Stable variance-updates should be used. [Do not update the mean of the squares and use $\frac{1}{n}\sum x_i^2-\bar{x}^2$ to compute variance -- that's asking for trouble.]

---

If you want to assess the suitability of the model over time, you will want to store more than sufficient statistics. Binned data might serve for that. A few hundred (say 500 or so) well chosen bins will be barely distinguishable in a plot from raw data (even in a Q-Q plot), but bin counts take little room to store and are rapidly updated. You'll probably need a much wider range of bins than you expect the data to take up, so perhaps 2000 bins total even if only a fraction of them might be used in a plot, and you'll need end-bins that cover values out to the ends of the possible range for the variable ($0$ and $\infty$). I'd suggest binning the logs rather than the original data for model assessment purposes.

Answer 2

The estimates obtained this way are method of moments estimates.
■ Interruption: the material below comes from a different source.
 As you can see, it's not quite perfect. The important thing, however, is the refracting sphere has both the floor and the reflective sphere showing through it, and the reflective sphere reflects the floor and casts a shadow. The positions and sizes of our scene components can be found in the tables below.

In particular, we know that $\mbox{E}(X) = \alpha \theta$ and $\mbox{Var}[X] = \alpha \theta^2$ for a gamma distribution with shape parameter $\alpha$ and scale parameter $\theta$ (see wikipedia). Solving these equations for $\alpha$ and $\theta$ yields $\alpha = \mbox{E}[X]^2/\mbox{Var}[X]$ and $\theta = \mbox{Var}[X] / \mbox{E}[X]$. Now substitute the sample estimates to obtain the method of moments estimates $\hat{\alpha} = \bar{x}^2 / s^2$ and $\hat{\theta} = s^2 / \bar{x}$.

Those are not the MLEs (again, see wikipedia). I don't know what library you used for estimating the parameters, but typically such libraries yield MLEs. And those could be rather different than the method of moment estimates.
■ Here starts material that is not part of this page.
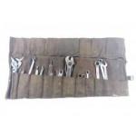 A wooden box full of vintage tools to include 3 saws, planes and a roll full of spanners

Also, the "sum under the curve" is not quite the right thing to compute for a continuous random variable -- you really need to integrate. And regardless of what you plug in for $\alpha$ and $\theta$ (of course with the constraint that these parameters must be > 0, this must always integrate to 1.

Update:

After posting the data, I used R for obtaining the MLEs and method of moment estimates. This yields:

> library(MASS)
> fitdistr(y, dgamma, start=list(shape=1, scale=1))
      shape         scale   
   0.73684030   93.26893829 
 ( 0.02613277) ( 4.59104121)

> mean(y)^2 / var(y)
[1] 0.2468195
> var(y) / mean(y)
[1] 278.3942

So, essentially the same as was obtained with Python. So, the estimates simply are just that different using maximum likelihood estimation versus the method of moments.